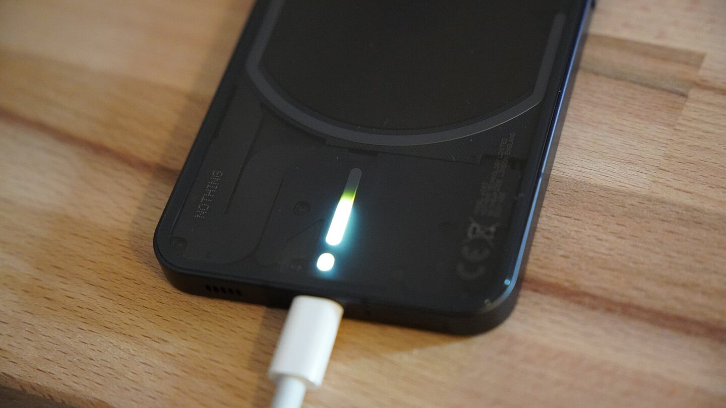 aktiviert wird. Eine ähnliche Funktion findet sich beim Aufladen des Nothing Phones wieder. Hängt ihr das Ladekabel dran, zeigt die untere LED-Leiste den aktuellen Akkustand des Geräts.
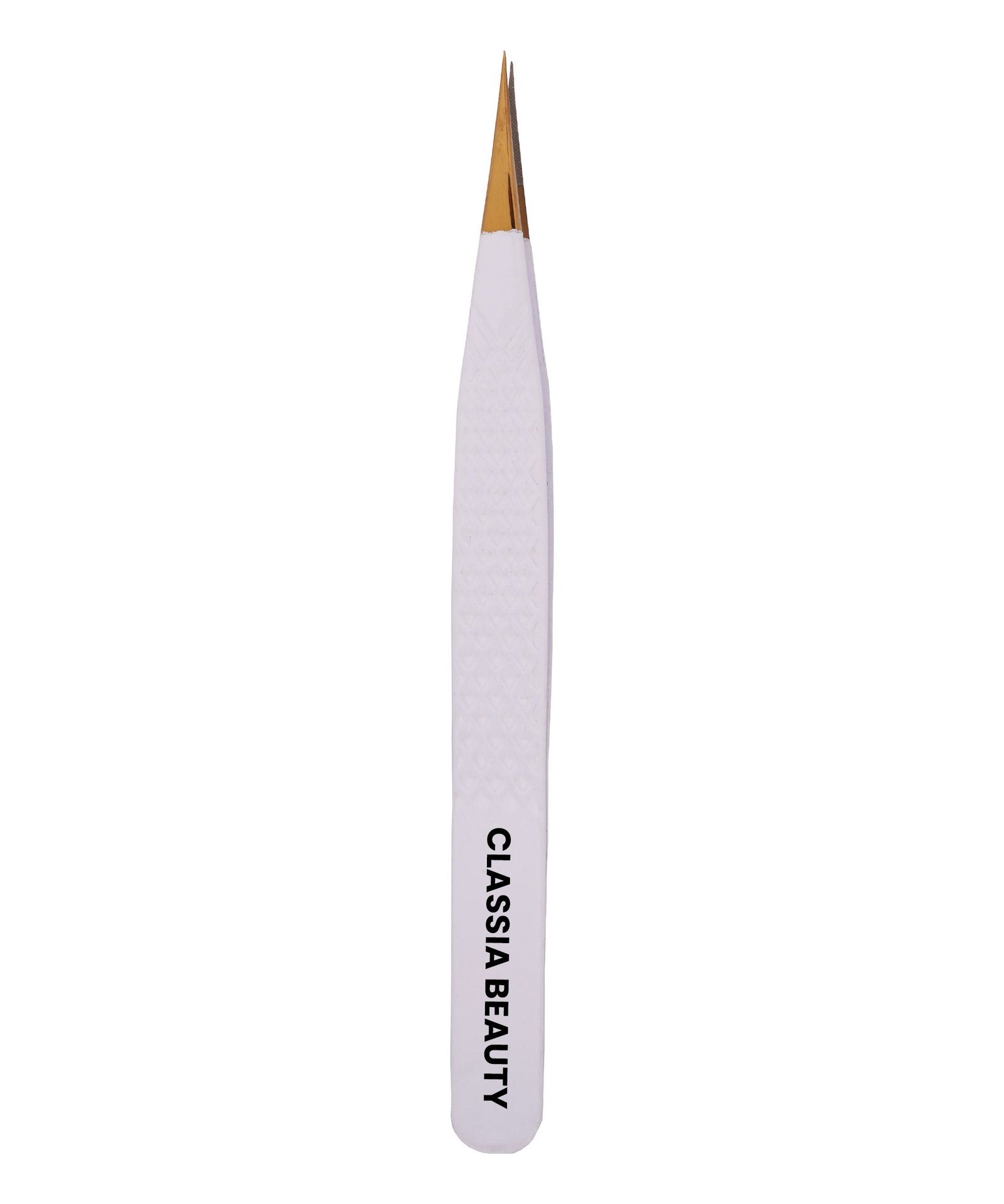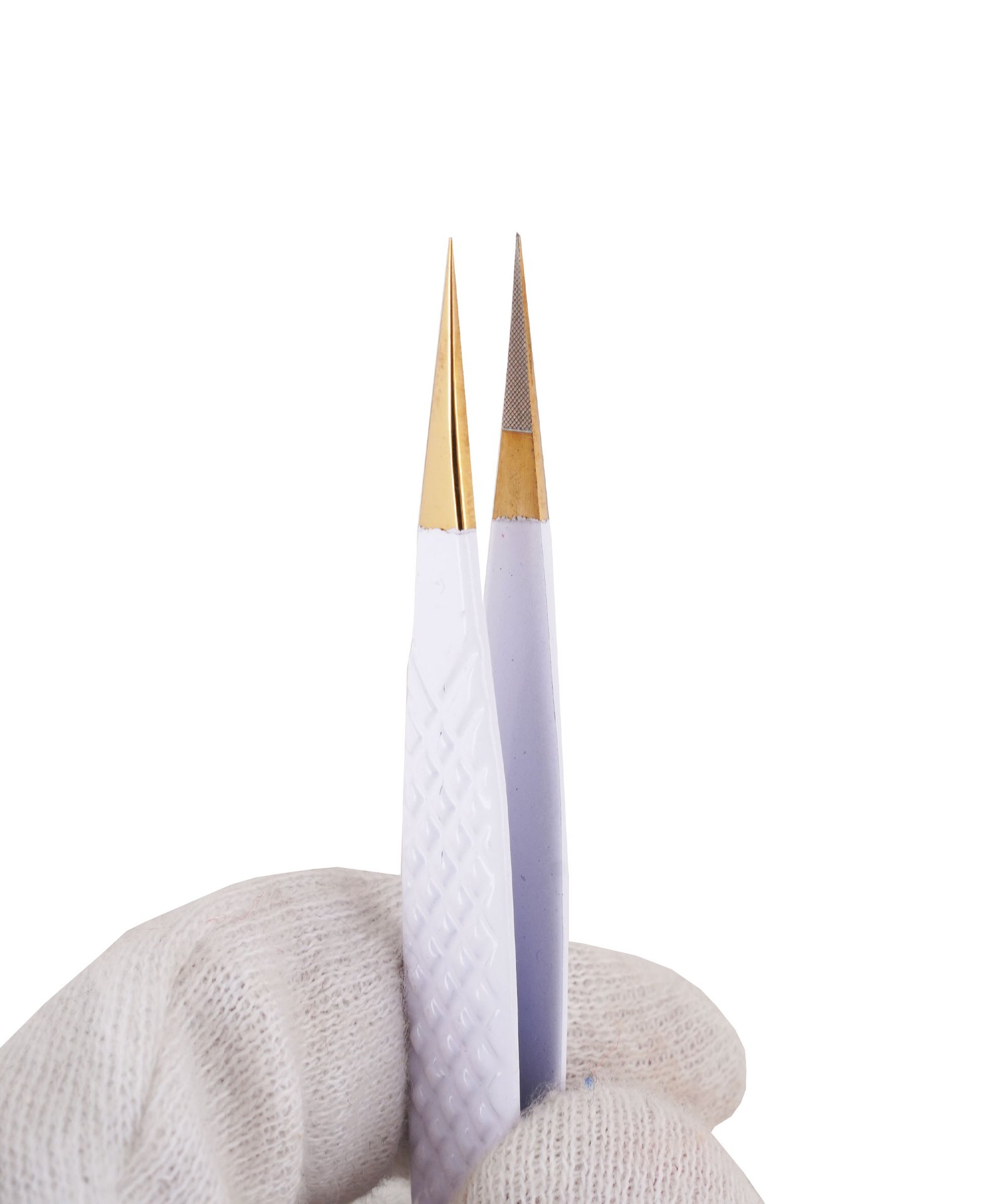 White Straight eyelash extension tweezer with gold Tip Fiber-Tip has been crafted using 100% stainless steel for precision and, consequently, convenience. Moreover, this lightweight, durable set is perfect for lash artists who are working on their own projects as well as professional lash artists.
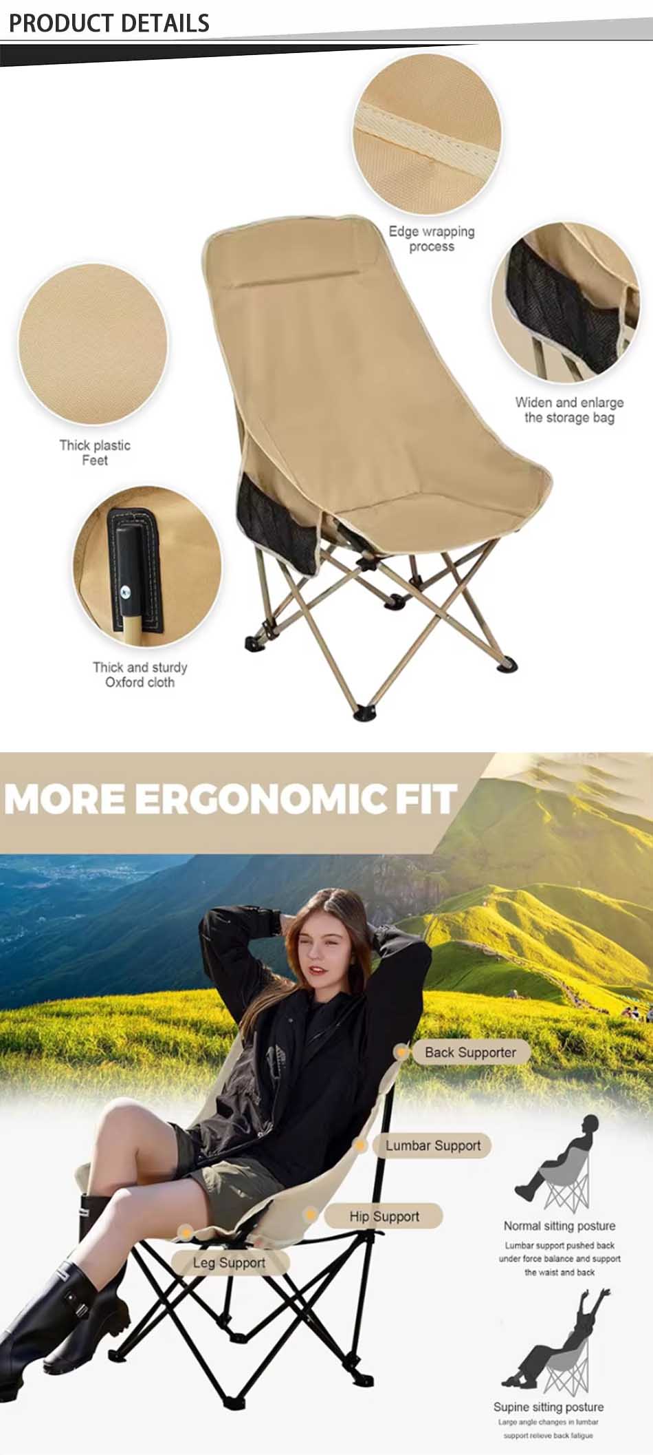 Lett sammenleggbar bærbar aluminiumsleirstol utendørs Moon Camping Chair

━━━━━━

* [WHAT YOU WILL DO] A word-for-word copy of all the data is required, minus the pictures.

* [YOUR SOLUTION]
 aktiviert wird. Eine ähnliche Funktion findet sich beim Aufladen des Nothing Phones wieder. Hängt ihr das Ladekabel dran, zeigt die untere LED-Leiste den aktuellen Akkustand des Geräts.
 White Straight eyelash extension tweezer with gold Tip Fiber-Tip has been crafted using 100% stainless steel for precision and, consequently, convenience. Moreover, this lightweight, durable set is perfect for lash artists who are working on their own projects as well as professional lash artists.
 Lett sammenleggbar bærbar aluminiumsleirstol utendørs Moon Camping Chair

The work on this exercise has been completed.